Retronauts - Retronauts Micro 054: Puzzle Bobble/Bust-A-Move
Episode Date: January 9, 2017Having survived the Bubble Bobble episode, Jeremy mops up the franchise with a look at its most popular (or at least most imitated) branch: The iconic color-match puzzler Bust-A-Move... more sensibly ...known as "Puzzle Bobble." Be sure to visit our blog at Retronauts.com, now updated daily! This show is an entirely independent and a self-sustaining concern for 2017. Please help support our livelihoods through Patreon!
Transcript
Discussion (0)
This week in Retronauts, come sit next to me, you fine fellow.
Last week we tackled the complex and confusing world of Bubble Bobble, which turned out to be so convoluted and extensive that we ran the entire episode without managing to spend any time on what is arguably the franchise's most important branch, the puzzle match game, puzzle bobble, or bust a move if you're nasty.
Where plenty of game developers imitated the general bubble-bubble concept and vibe back in the 80s and early 90s,
few of any of those games could be said to have been full-on clones.
Plus, for the most part, the bulk of those games came from Bubble Bobble Creator Taito anyway.

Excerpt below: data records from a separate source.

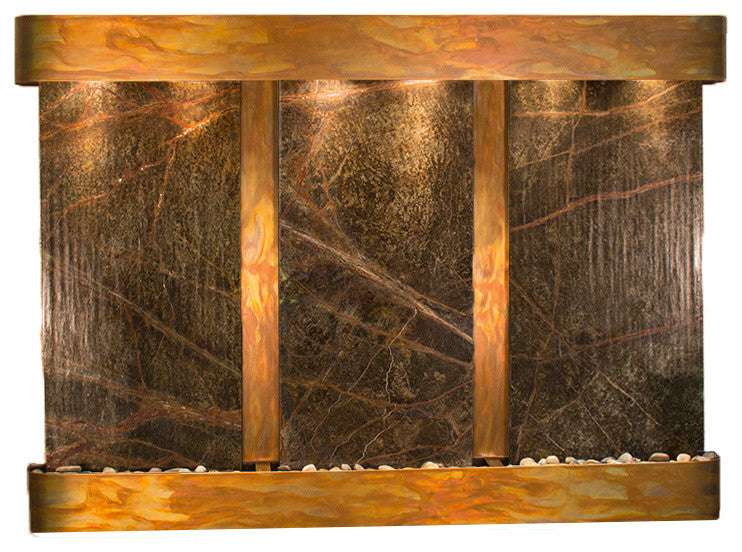 The Olympus Falls water fountain by Adagio Water Features is a beautiful three panel water wall that comes in slate, marble, mirror, or FeatherStone. This wall water fountain is self-contained allowing you to place it anywhere there is a standard 110V outlet without needing a water source. Just pour water into your tray and the pump will cycle it through. Enjoy the calming effects of a water fountain in your home today.75" L x 54" H x 6" D, easy to hang, complete with colored instructions and hardware for hanging on a sheetrock wall. Hanging Weight 465 lbs.This unit includes: 6 halogen lights Polished river rocks 3 Electric pumps3-way pull chain that allows you to run just lights, just water, or lights and water. Welded plastic liner insures against leaking and unique water distribution unit system will not clog. 110V, 100W; one cord operates entire unit; 90 degree plug can be concealed behind water feature. Durable powder coat finish; Manufactured and assembled in the USA with a 1 year limited warranty. • All marbles are natural and may differ in color and texture from the picture shown due to their natural uniqueness.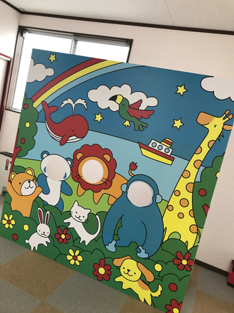 かわいい動物達がデザインされた壁面を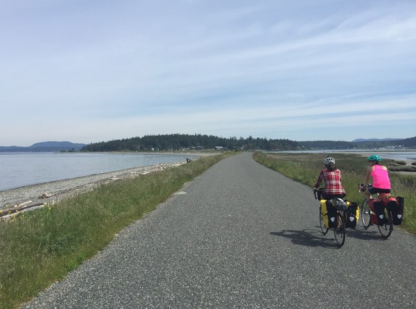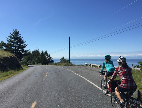 Cyclists on Bayshore Road enjoying 360-degree water views as they approach Fisherman Bay.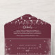 Rustic String Lights Calligraphy Burgundy Wedding All In One Invitation

In a sense, Puzzle Bobble strikes me as less an offshoot of Bubble Bobble,
then it does a case of the company using one of their more popular brands to help sell a concept
they'd been picking away at for a few years.
You know, the time-honored question of how to swipe from Tetris.
Of course, Tetris had hit the games industry with seismic force,
and publishers generally responded one of two ways,
by asking, how can we license this?
Or else asking, how can we totally rip this off?
Taito was a bit of a small fry compared to second-wave Tetris licensers like Nintendo and Sega,
so they took the latter route.
In fact, the company developed several variants,
of the block-matching puzzle concept in the wake of Tetris' explosive success.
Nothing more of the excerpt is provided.